Prevention of sudden death in heart failure with reduced ejection fraction: do we still need an implantable cardioverter-defibrillator for primary prevention?

机构信息

Faculty of Medicine, Kasr Al Ainy, Cardiology Department, Cairo University, Cairo, Egypt.

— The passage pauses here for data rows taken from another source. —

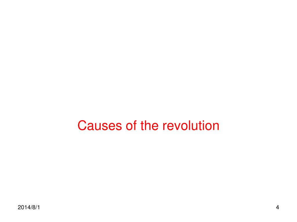 Causes of the revolution • The revolution had many causes. • Firstly, long-term social, economic, and political changes in the colonies before 1750 provided the basis for an independent nation with representative political institutions. • Next, more immediately, the French and Indian War (1754-1763) changed the relationship between the colonies and their mother country. • Finally, a decade of conflicts between the British government and the colonists, beginning with the Stamp Act crisis in 1765, led to the outbreak of war in 1775 and the Declaration of Independence in 1776.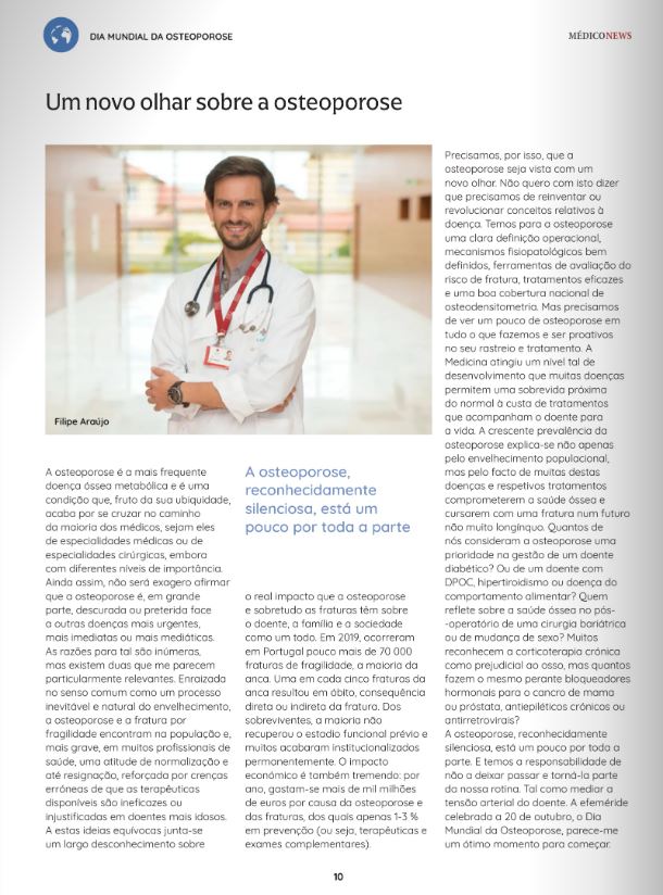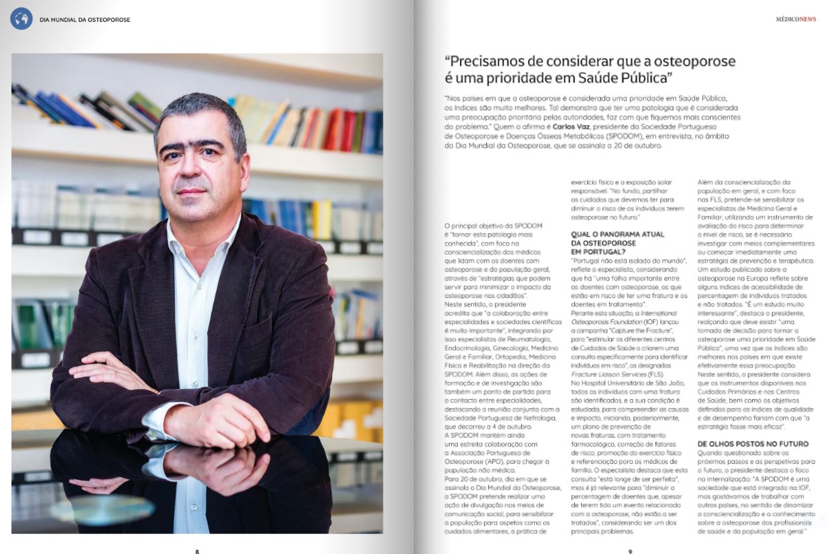 With the month of October marking World Osteoporosis Day and the National Day of the Fight against Pain, an edition of Médico News featured the testimonies of Dr Filipe Araújo, Secretary General of the SPODOM Board, and of Carlos Vaz, President of SPODOM, which highlighted the need to "consider Osteoporosis a Priority in Public Health".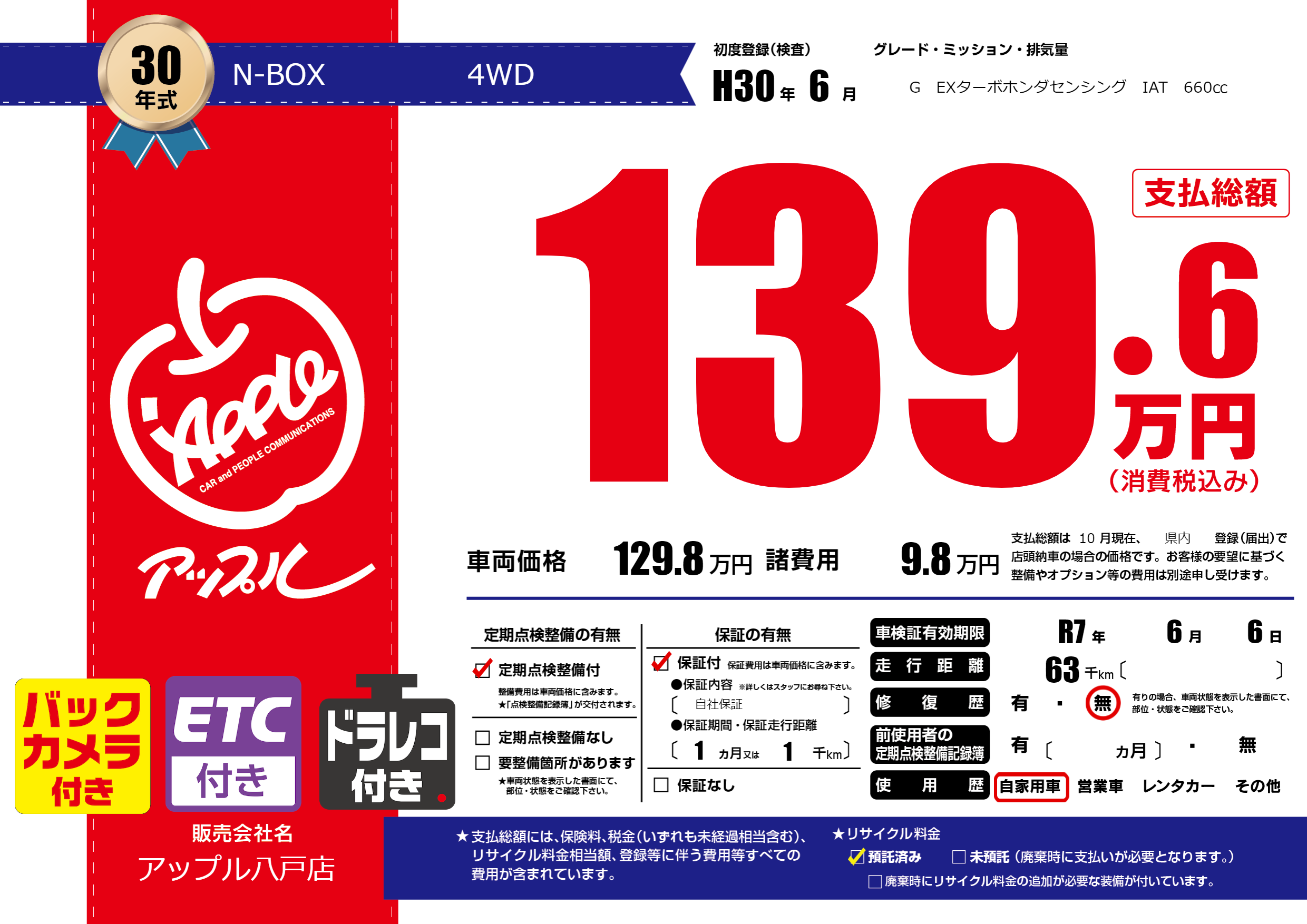 | 車名 | N-BOX 4WD | グレード ミッション 排気量 |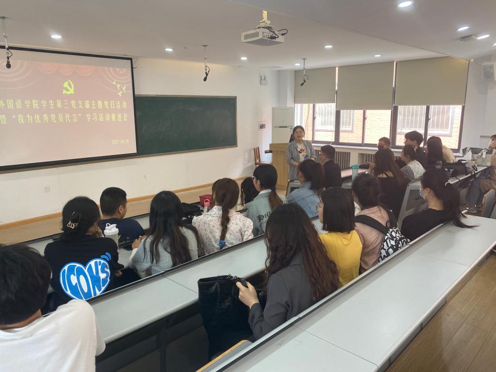 2021年,中国共产党迎来百年华诞。为更好学习了解党史、新中国史,守住党领导人民创立的社会主义伟大事业,以“学百年党史,庆百年华诞”为主题,太阳成集团tyc33455cc员工第三党支部全体党员同志于2021年4月29日在教学一号楼109教室举行了四月份支部主题党日活动。会议由支部书记赵艳娜老师主持,支部全体党员参会并进行了讨论与学习。

St George's Hospitals, NHS Trust, University of London, London, UK.

出版信息

Eur J Heart Fail. 2022 Sep;24(9):1460-1466. doi: 10.1002/ejhf.2594. Epub 2022 Jul 16.

DOI:10.1002/ejhf.2594
PMID:35753058
Abstract

Sudden death is a devastating complication of heart failure (HF). Current guidelines recommend an implantable cardioverter-defibrillator (ICD) for prevention of sudden death in patients with HF and reduced ejection fraction (HFrEF) specifically those with a left ventricular ejection fraction ≤35% after at least 3 months of optimized HF treatment. The benefit of ICD in patients with symptomatic HFrEF caused by coronary artery disease has been well documented; however, the evidence for a benefit of prophylactic ICD implantation in patients with HFrEF of non-ischaemic aetiology is less strong. Angiotensin-converting enzyme inhibitors or angiotensin receptor blockers, beta-blockers (BB), and mineralocorticoid receptor antagonists (MRA) block the deleterious actions of angiotensin II, norepinephrine, and aldosterone, respectively. Neprilysin inhibition potentiates the actions of endogenous natriuretic peptides that mitigate adverse ventricular remodelling. BB, MRA, angiotensin receptor-neprilysin inhibitor (ARNI) have a favourable effect on reduction of sudden cardiac death in HFrEF. Recent data suggest a beneficial effect of sodium-glucose cotransporter 2 inhibitors (SGLT2i) in reducing serious ventricular arrhythmias and sudden cardiac death in patients with HFrEF. So, in the current era of new drugs for HFrEF and with the optimal use of disease-modifying therapies (BB, MRA, ARNI and SGLT2i), we might need to reconsider the need and timing for use of ICD as primary prevention of sudden death, especially in HF of non-ischaemic aetiology.

摘要

猝死是心力衰竭(HF)的一种严重并发症。目前的指南建议在心力衰竭和射血分数降低(HFrEF)患者中使用植入式心脏复律除颤器(ICD)预防猝死,特别是那些在经过至少 3 个月的优化 HF 治疗后左心室射血分数≤35%的患者。ICD 在冠心病引起的有症状 HFrEF 患者中的益处已得到充分证明;然而,对于非缺血性病因的 HFrEF 患者预防性 ICD 植入的益处证据较弱。血管紧张素转换酶抑制剂或血管紧张素受体阻滞剂、β受体阻滞剂(BB)和盐皮质激素受体拮抗剂(MRA)分别阻断血管紧张素 II、去甲肾上腺素和醛固酮的有害作用。肾素抑制剂增强内源性利钠肽的作用,减轻不良心室重构。BB、MRA、血管紧张素受体-肾素抑制剂(ARNI)对减少 HFrEF 中的心脏性猝死有有利影响。最近的数据表明,钠-葡萄糖共转运蛋白 2 抑制剂(SGLT2i)在减少 HFrEF 患者严重室性心律失常和心脏性猝死方面有有益作用。因此,在当前 HFrEF 新药时代,以及最佳使用疾病修正治疗(BB、MRA、ARNI 和 SGLT2i)的情况下,我们可能需要重新考虑使用 ICD 作为预防猝死的主要手段的必要性和时机,特别是对于非缺血性病因的心力衰竭。